My who?

Jul. 18th, 2005 02:09 pm
greenygal: (Default)
[personal profile] greenygal
A few days ago, I commented elsewhere about my bitterness about the death of the Manhunter of POWER COMPANY (yeah, I know, no one but me cares; I'm still bitter). And it got me thinking, again, about how much of my version of the character I'd just made up, or extrapolated from what bits of canon I had, and for some reason it started to arrange myself in my head in the form of that "My ____ is" meme--which I've never done before, and I have no idea why I'm starting here. But apparently I am, and here it is, just to get it out of my head.

So these nine geniuses founded an organization called the Council in order to quietly meddle in the affairs of humanity and do whatever was necessary to save us from ourselves. To this end they recruited the superhero Manhunter, aka Paul Kirk, and trained and genetically enhanced him and created an army of mindless clones of him that he was supposed to lead for them. But Manhunter realized that the Council had become corrupt and murderous and became their enemy; eventually he destroyed them, dying in the process. Paul was assisted in his fight by Asano Nitobe, the Council's master martial artist who defected to join Paul, and Christine St. Clair, Interpol agent, who wrote a book about Paul afterwards; these two attempted to honor Paul by tracking down and killing all the surviving clones. (I know, I know, although in their defense Paul really did hate the clones.) But they missed one: an inexplicably independent-minded clone (with a healing factor, which the clones also weren't supposed to have) who ran away from the whole mess and used his skills to become a mercenary in Africa using the Manhunter name and costume and calling himself, um, Kirk DePaul. Years later, he signed up with The Power Company, a San Francisco-based superhero-for-hire company, headed by ex-lawyer Josiah Power and led in the field by Skyrocket, a straight-arrow Silver-Age-style superheroine who really does not care for Manhunter's coldblooded money-is-everything style. *pauses for breath* Right. I think that's the important stuff.

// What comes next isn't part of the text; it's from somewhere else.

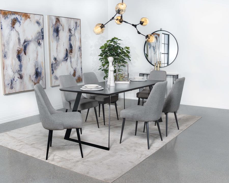Contemporary dining table features a sophisticated black ceramic top and is finished with a powder coated matte gunmetal legs. Chairs feature thin, tapered legs in a gunmetal grey finish. Grey textured fabric covers the back and seat cushions, with a wingback-like silhouette.

--My Manhunter really, truly does not want to be Paul Kirk (and doesn't want to spend a lot of effort proving that he's not Paul Kirk, either), and finds people who expect him to care about whether he's living up to Paul Kirk's standards to be terribly irritating. Although he doesn't actually run into all that many of them, especially in the circles in which he tends to operate; I like the idea that Paul Kirk has a mild degree of notoriety in the DCU, but he's not exactly Superman either. Kirk's ghost lives in DePaul's head to perhaps a greater degree than he usually admits, but it's not a conscious or a constant thing.

--My Manhunter particularly does not want to be Paul Kirk because Paul Kirk killed himself (somebody else would read the situation as "he nobly sacrificed his life," but in this case I think DePaul's assessment is at least as accurate, although he's mainly concerned with the end result in any case), and why on earth would he want to emulate that?

--My Manhunter uses Paul Kirk's codename and costume because they carry a certain rep and he's going to take what he can get out of the situation, or at least that's what he tells himself. He uses a version of Paul Kirk's real name because...uh...I have no idea, really. (I really think that was a misstep by Busiek--it's one thing for DePaul to be claiming he doesn't want anything to do with Paul Kirk and maybe it's true and maybe it isn't, and another for him to be saying that while doing something that gives him no plausible deniability on the subject whatsoever. Plus it's irritating when trying to discuss them.)

--My Manhunter likes getting paid, he likes getting paid a great deal of money, and he doesn't mind if he has to lie, cheat, or steal in order to do so. (This kind of goes without saying if you've ever read anything with the character, actually, but just to be clear.) He finds the concept of getting paid a great deal of money and not having to worry about law-enforcement authorities in the process to be pleasant, however, which is one reason he joined up with the Power Company.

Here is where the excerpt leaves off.